Using 15 complex terms (i.e 30 total features), comparable accuracy to the benchmark has been achieved, in about a sixth of the time!

```
%%time
classify(modulus_30, y)
```

```
Accuracy:
59.74%
Precision:
57.98%
CPU times: user 3.16 s, sys: 35.1 ms, total: 3.19 s
Wall time: 3.33 s
```

```
%%time
classify(complex_30, y)
```

```
Accuracy:
66.63%
Precision:
65.24%
CPU times: user 11.9 s, sys: 136 ms, total: 12.1 s
Wall time: 12.6 s
```

We can observe the diminishing returns: using more Fourier terms increases accuracy only slightly. However, it is a pretty remarkable result that using 30 complex terms (i.e 60 features), we can beat the benchmark while also being 1.5x faster.

To better visualise how accuracy varies with the number of terms, we can generate multiple datasets and run our classification method on them:

```
scores = []
for i in range(0, 100, 5):
print(i)
dataset = generate_modulus_dataset(X_scaled, i)
acc = classify(dataset, y, return_acc=True)
scores.append(acc)
```

Doing the same for the complex datasets and plotting the results yields:

It is interesting to note that the modulus datasets never beat the benchmark: it seems that taking the modulus of the complex terms throws away too much information. The complex datasets are most predictive at around 40 terms, but the plateau and gradual decrease after that is a clear sign that overfitting occurs.

## Conclusion

In this post, we have seen that 100-day time series of prices can be classified according to market cap, by extracting the main signals from a time series with a Discrete Fourier Transform to use as features in a classifier.
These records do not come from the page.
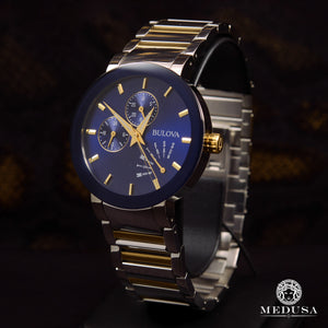 From the modern collection. Stainless steel with silver and gold finishes, blue dial, domed mineral glass, six multifunction movement, and deployment clasp.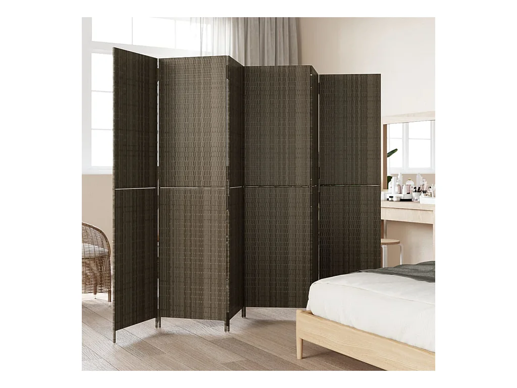 Paravent 6 panneaux gris résine tressée WVGQ5127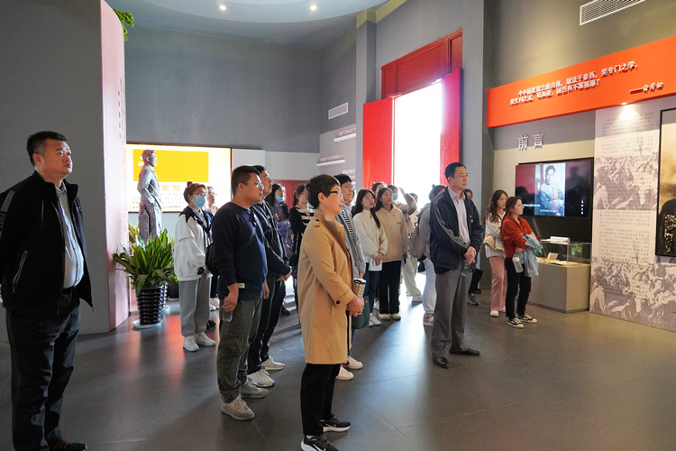 在俞秀松纪念馆内认真学习俞秀松烈士生平事迹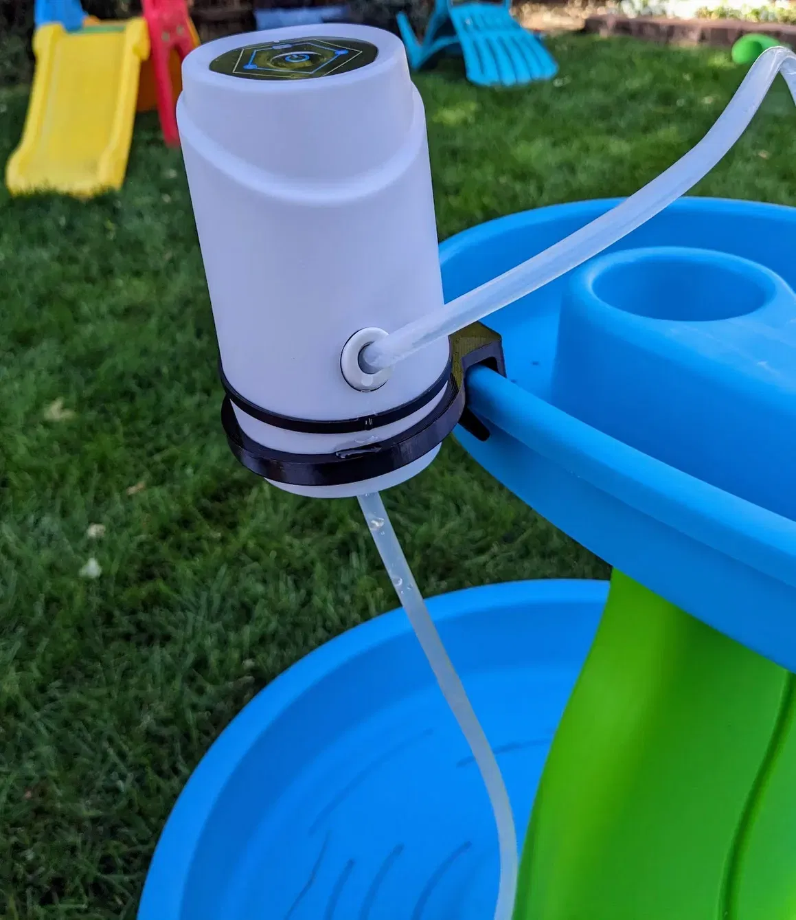 Một bộ chuyển đổi đơn giản để gắn một máy bơm nước giá rẻ lên một bàn nước cho trẻ em.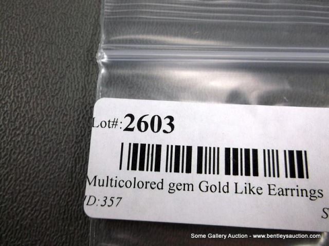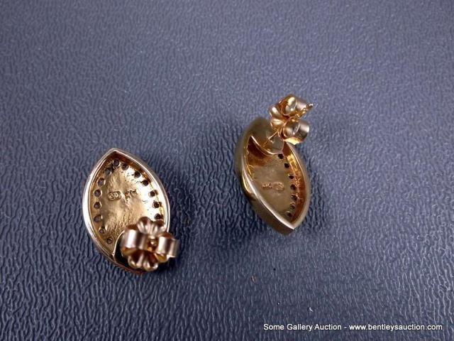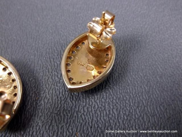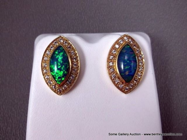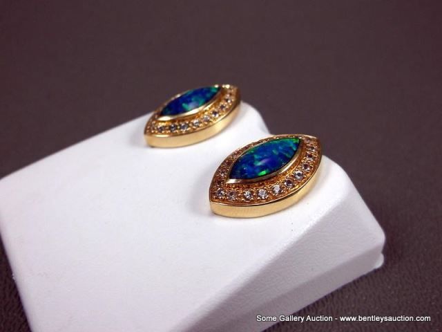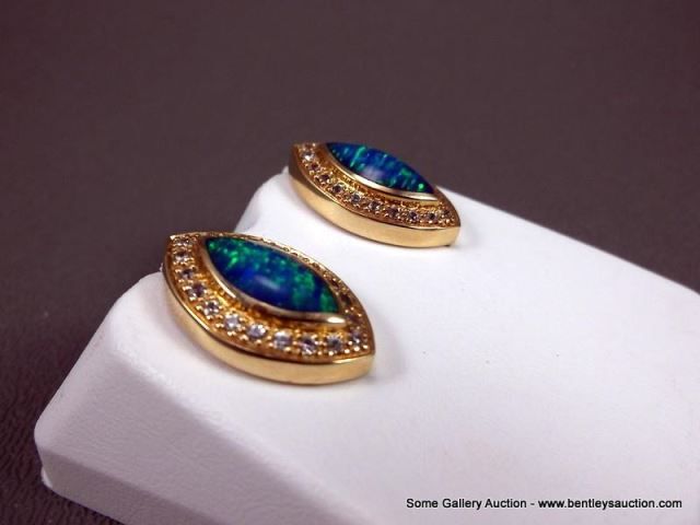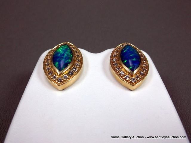 14K Yellow Gold Earrings w/ Opal and Clear Stones- Marked w/ Double Loop Weight: 10.9 Grams Retail:

The DFT is not only able to outperform the naive solution of using each day’s price as a feature, but can also do so with a large speedup. The implication of this is that the benchmark overfits to noise, and thus this is a practical example of how reducing the information available to a classifier can actually improve performance.
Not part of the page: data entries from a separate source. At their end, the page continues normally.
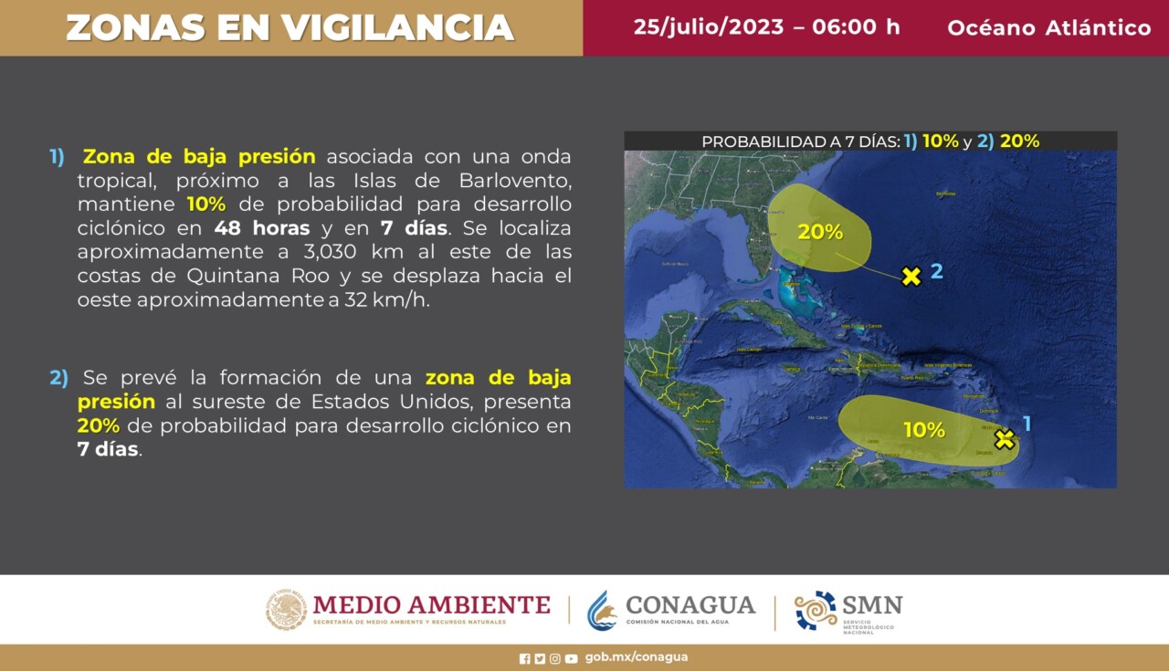 Pronóstico del clima para hoy martes 25 de julio 2023 en Quintana Roo. Hoy martes, la onda tropical número 16 recorrerá el occidente del territorio nacional, en interacción con la afluencia de humedad del océano Pacífico, ocasionarán lluvias puntuales intensas en Nayarit, Jalisco y Colima.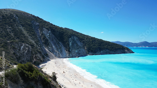 © Elina, Fototapeta premium Breathtaking Stunning Beach View Featuring Crystal Clear Water and Scenic, Lush Green Hills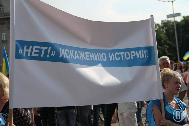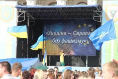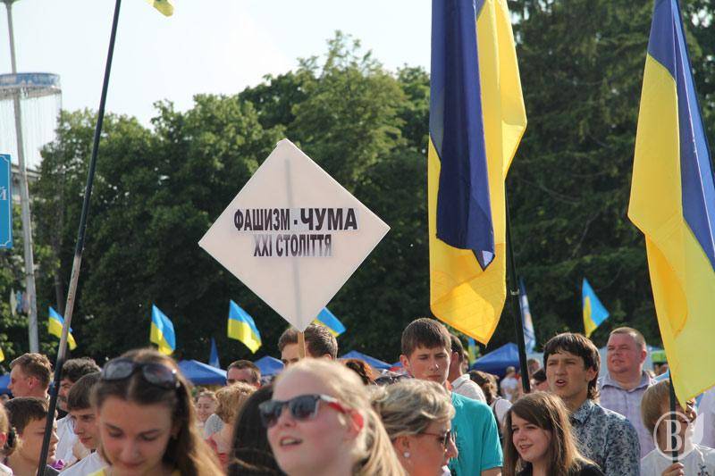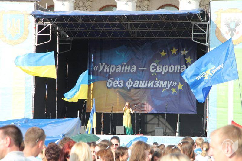 Так, зовсім, забули… Окрім глибокої стурбованості фашизмом в Україні (щоправда, усі спікери обходили конкретику), з трибуни закликали йти у… Європу. Так, саме туди. Виглядало це приблизно так, ніби людей зігнали в точку збору і оголосили замість ГУЛАГу нову сонцесяйну перспективу. Хоча тхнуло від цього маразму не менше, ніж від перспективи ГУЛАГу.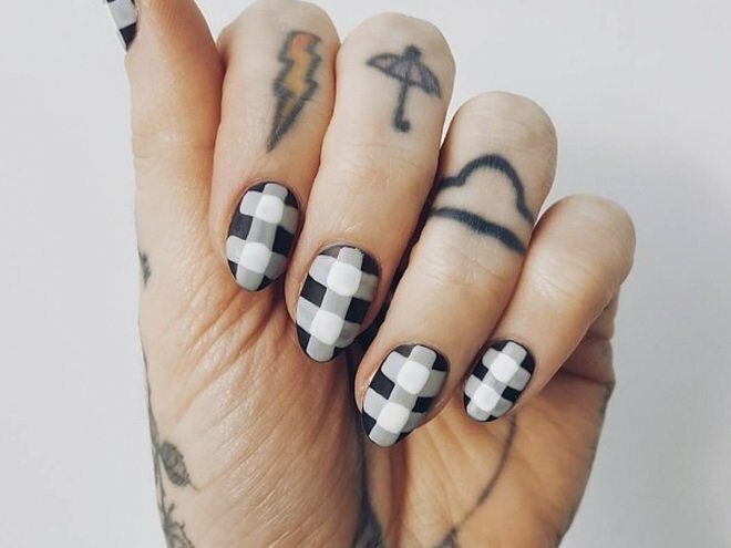 A cage or office manicure is also a fall-winter 2024-2025 trend. This is not only a wonderful combination with formal clothes, but also a comparison with the “warm blanket”, with the comfort of home. A cage can be completely diverse: Caledoni, Burberry, Royal Stuart, Black Watch, Border Tartan, Vichy, Glenchek, etc.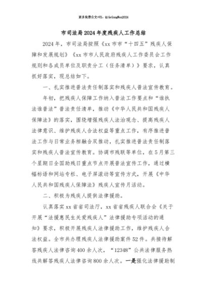【七哥公文】2024年:市司法局2024年度残疾人工作总结+更多免费公文+VX:QiGeGongWen2024+更多免费公文+VX:QiGeGongWen2024

I think this is an important lesson for anyone applying machine learning to a real-world problem: throwing data at a classifier or deep learning model is **not** a solid approach: it is much better to genuinely try to extract important features, and discard those which only add noise.

Future work on this topic could involve comparing the classification performance of the DFT method to a classifier that uses different summary statistics, or perhaps even a clustering methodology like k-Nearest Neighbours. But for now I am satisfied that this simple and intuitive method is sufficient to do significantly better than random guessing.